A emenda foi apresentada pelo líder do PL na Câmara, deputado Sóstenes Cavalcante, e defendia um modelo em que os trabalhadores atuariam quatro dias por semana, com três dias de descanso.
Apesar da defesa da bancada liberal, parlamentares ligados à esquerda votaram contra a proposta. O destaque acabou rejeitado pela maioria da comissão, gerando críticas de setores que defendem jornadas mais flexíveis e melhores condições de trabalho.
A proposta principal em discussão estabelece a escala 5x2, com jornada semanal de 40 horas. Antes da votação do texto-base, o PL tentou incluir a alternativa 4x3, considerada por apoiadores como um modelo mais benéfico ao trabalhador brasileiro.

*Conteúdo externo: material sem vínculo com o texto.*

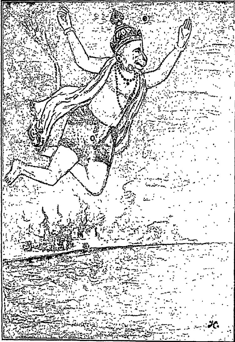
हनुमानजी का लंका दहन करना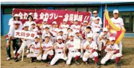
↑決勝戦で惜敗した昨年の大会の雪辱を果たし、優勝を喜ぶ大川少年野球の選手たち

● 期 日 6月21日(土)、22日(日)、28日(土) ● 場 所 国見台野球場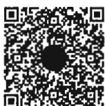
หนังสือนัดประชุม และระเบียบวาระการประชุม ร่วมกันของรัฐสภา

หมายเหตุ เอกสารประกอบการประชุมร่วมกันของรัฐสภา ได้เผยแพร่ทางสื่ออิเล็กทรอนิกส์ ตามข้อบังคับ การประชุมรัฐสภา พ.ศ. ๒๕๖๓ ข้อ ๑๓ โดยท่านสมาชิกฯ สามารถอ่านเอกสารประกอบการประชุมได้ โดยการสแกน QR code ที่ปรากฏอยู่ในหนังสือนัดประชุม หรือทาง www.parliament.go.th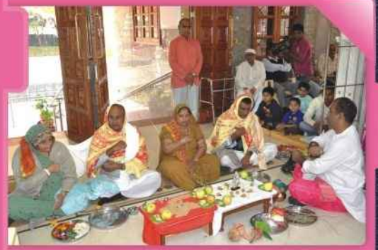
(૧) શ્રી ક.સ. સ્વામિનારાયણ મંદિર નેરોબી લેઝીમઅને બેન્ડ (૨) શિખર ઉપર ધ્વજા ફરકાવતા યજમાનો (૩) શ્રી ઠાકોરજીની આરતી કરતા પ.પૂ. આચાર્ય મહારાજશ્રી તથા પ.પૂ. મહંત સ્વામી (૪) સાંસ્કૃતિક કાર્યક્રમ રજુ કરતી શ્રી સ્વામિનારાયણ યુવતી મંડળની યુવતીઓ (૫) રાસોત્સવનો લાભ લેતા બહેનો. (૬) શ્રી પુ.આ.સ. સ્વામિનારાયણ મંદિરની બેન્ડ અને લેઝીમ (૭)..... આરતી ઉતારતા પૂ. સ્વામી (૮) યજમાનશ્રીને ઘેર મહાપૂજા.....

Durante o debate, houve embate entre governo e oposição. A deputada Erika Hilton, relatora de uma das PECs analisadas, classificou a iniciativa do PL como uma “manobra” para dificultar a aprovação do relatório final.
Integrantes da oposição, por outro lado, afirmaram que a rejeição da proposta mostrou contradição de partidos de esquerda, como PSOL e PT, ao votarem contra um modelo que ampliaria os dias de descanso dos trabalhadores.
A votação reacendeu o debate sobre redução da jornada de trabalho no Brasil e os diferentes modelos defendidos no Congresso Nacional.